Earlier I had written here about my VHF radar experiments. So far I have received backscatter reflections from airplanes and meteors. This page focuses on two meteor reflections that I received on October 21, 2020 during the Orionids meteor shower. A 10 element yagi was used in a direction perpendicular to the Radiant of the shower. I calculate at what distance these meteors must have been.

The total number of meteor backscatter reflections in the shower actually disappointed me. I expected more. It is known that backscatter reflections are less strong than forward reflections and this may be the result of my small system. Military VHF Radars intended to detect stealth aircraft have 16 db more output and use antenna systems with 12 db more gain than in my case.
Below screenshots of the two strongest reflections.

Reflection 1: 2020-10-20 23:27:16 UTC 144.510 MHz. 1200 millisecond burst.

Reflection 2: 2020-10-21 03:59:02 UTC 144.510 MHz. 400 millisecond burst.

Characteristics of the radar

The TX signal is a 4 ms pulse.

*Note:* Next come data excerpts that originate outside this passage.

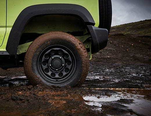 Nada menos que ejes rígidos de ancho completo tanto delante como detrás, que ayudan al Jimny a garantizar un agarre superior en diversas superficies.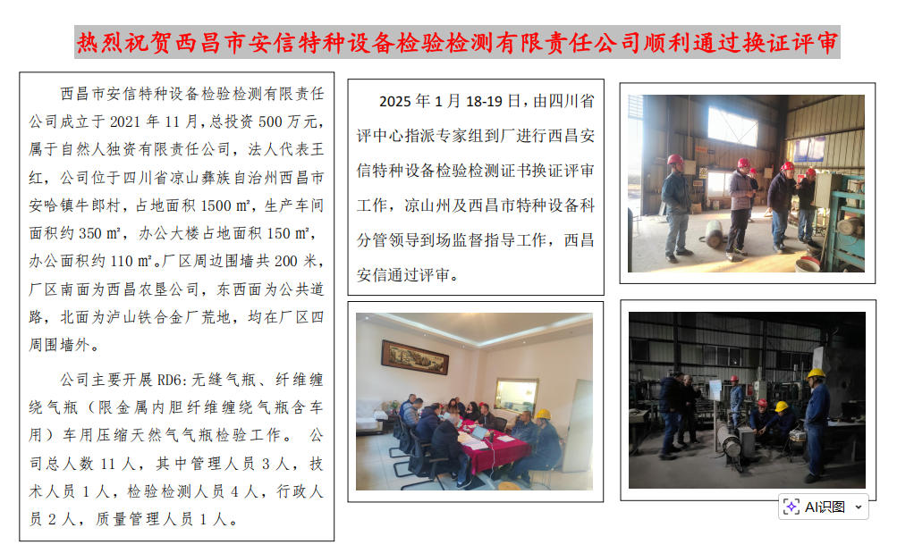 热烈祝贺西昌安信特种设备检验检测公司通过换证评审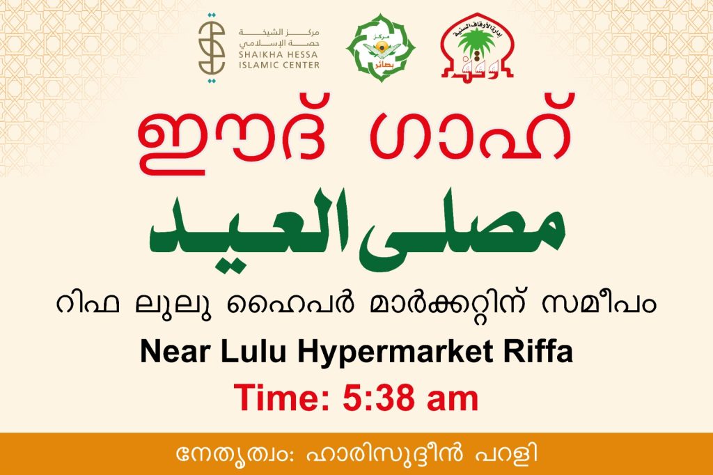 മനാമ: സുന്നി ഔഖാഫിന്റെ ആഭിമുഖ്യത്തിൽ റഫ ലുലു ഹൈപർ മാർക്കറ്റിന് മുൻവശമുള്ള സ്കൂൾ ഗ്രൗണ്ടിൽ നടക്കുന്ന ഈദ് ഗാഹിന്റെ ഒരുക്കങ്ങൾ പൂർത്തിയായതായി സംഘാടകർ അറിയിച്ചു. ഷൈഖ ഹിസ്സ ഇസ്ലാമിക് സെന്റർ, ബസാഇർ സെന്റർ എന്നിവയാണ് ഈദ് ഗാഹ് സംഘടിപ്പിക്കുന്നത് ഈദ് ഗാഹ് സംഘടിപ്പിക്കുന്നത്. രാവിലെ 5.38ന് നടക്കുന്ന ഈദ് നമസ്കാരത്തിന് ഹാരിസുദ്ദീൻ പറളി നേതൃത്വം നൽകും. സ്ത്രീകൾക്ക് പ്രത്യേക സൗകര്യമുണ്ടായിരിക്കുമെന്നും ഈദ് പ്രാർത്ഥനക്കായി വരുന്നവർ വുദു നിർവഹിച്ച് മുസല്ലയുമായി വരേണ്ടതാണെന്നും സംഘാടകർ അറിയിച്ചു. അബ്ദുറഹ്മാൻ മുള്ളങ്കോത്ത് ചെയർമാനും റഹീസ് കോർഡിനേറ്ററും നവാസ് ഓപി കൺവീനർ, ജോയിന്റ്. കൺവീനർമാർ: നസീഫ് ടിപി, റിഫ്ഷാദ്, മറ്റ് അംഗങ്ങൾ ആദം ഹംസ, ഹിഷാം, അലി ഉസ്മാൻ, നവാഫ് ടിപി, അൽ അമീൻ, ഓവി മൊയ്ദീൻ, സിദ്ദ്ഖ് നന്മണ്ട, സക്കീർ ചാത്തോത്ത്, ഇസ്മായിൽ മുയിപ്പോത്ത് എന്നീ അംഗങ്ങളടങ്ങുന്ന സ്വാഗത സംഘം രൂപികരിച്ചു.
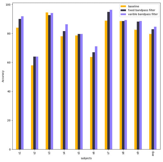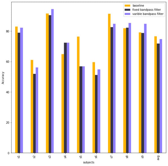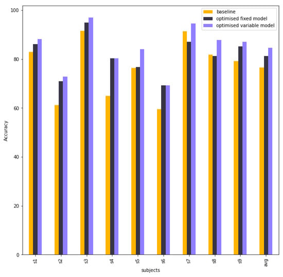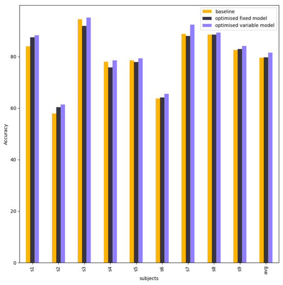 Table 5 compares the accuracies between the baseline model, fixed model, and variable model. The fixed model is better than the baseline model in subject 2, subject 4, subject 6, and subject 9, whereas others are nearly equal. When each subject is selected as the best result in the variable model, the final performance is much higher than the baseline model, especially for subject 2, subject 4, subject 5, subject 6, and subject 9.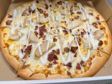 Ranch sauce topped with a three-cheese blend, chicken & bacon chunks with a ranch sauce drizzle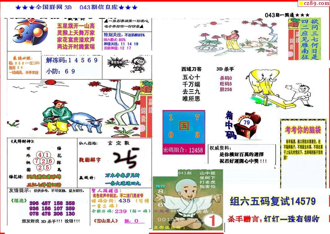杀手+鑫马快报+字迷汇总26年043期3d图谜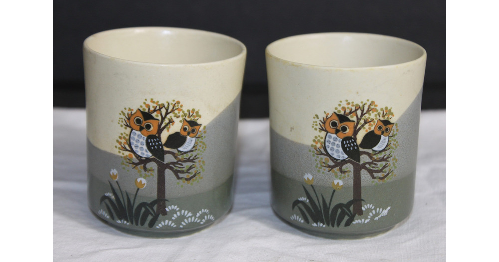 Hand Painted Owl Mugs: Japanese Coffee Cups, Set of 2

The repetition rate is 25 Hz, which gives a period of 40 ms. The receiver is on for 34 ms. 2 ms is reserved for switching from rx to tx and vice versa. The tail going from tx to rx is 200 microseconds. The picture below shows the timing.
The position of the TX transmission pulse can be shifted. It should be as close as possible to the point where the radar starts receiving. To start with, I chose a TX pulse of 4 ms to keep the bandwidth within limits. This corresponds to a "dit" in a telegraphy speed of approximately 100 words per minute. In the old days of Meteor scatter High Speed Telegraphy (HSCW), speeds of 200 WPM or more were used.

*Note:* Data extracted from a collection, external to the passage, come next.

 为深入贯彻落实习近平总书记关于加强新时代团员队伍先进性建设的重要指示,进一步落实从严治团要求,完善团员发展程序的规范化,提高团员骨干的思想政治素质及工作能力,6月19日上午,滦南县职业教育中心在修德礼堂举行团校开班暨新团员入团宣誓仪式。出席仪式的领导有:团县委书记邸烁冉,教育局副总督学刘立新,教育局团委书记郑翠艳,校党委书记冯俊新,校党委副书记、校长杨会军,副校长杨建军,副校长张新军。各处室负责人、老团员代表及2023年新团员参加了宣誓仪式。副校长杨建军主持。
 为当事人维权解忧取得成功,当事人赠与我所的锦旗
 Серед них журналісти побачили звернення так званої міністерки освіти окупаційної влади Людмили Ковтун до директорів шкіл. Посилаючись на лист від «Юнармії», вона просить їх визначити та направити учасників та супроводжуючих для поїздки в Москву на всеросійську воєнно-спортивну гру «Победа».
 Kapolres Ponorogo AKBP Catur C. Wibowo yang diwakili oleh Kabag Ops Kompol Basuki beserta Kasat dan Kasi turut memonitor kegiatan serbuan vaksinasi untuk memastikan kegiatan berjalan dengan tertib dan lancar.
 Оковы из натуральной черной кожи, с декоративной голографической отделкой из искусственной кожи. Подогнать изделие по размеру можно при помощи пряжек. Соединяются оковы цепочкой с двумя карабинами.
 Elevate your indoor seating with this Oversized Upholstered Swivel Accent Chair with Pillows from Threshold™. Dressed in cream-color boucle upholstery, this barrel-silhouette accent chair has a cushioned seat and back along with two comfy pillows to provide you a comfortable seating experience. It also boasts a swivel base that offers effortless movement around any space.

This is the sequence of the 40 ms period.

The picture shows the sequence of the TX pulse. The yellow line is the sequencer that switches the coax relay for TX/RX. When the yellow line is high, the relay is on TX.
The blue line is the RF measured at the output of the SSPA. There is 200 microsecond between stopping the TX and switching to RX.

The graph below shows the time between TX pulse and echo against the distance. From the graph it can be deduced that objects must be at least at a distance of 50 km to see a 100 micosecond part of the 4 ms echo. The full 4 ms echo is only visible when the distance between the object is 630km or further.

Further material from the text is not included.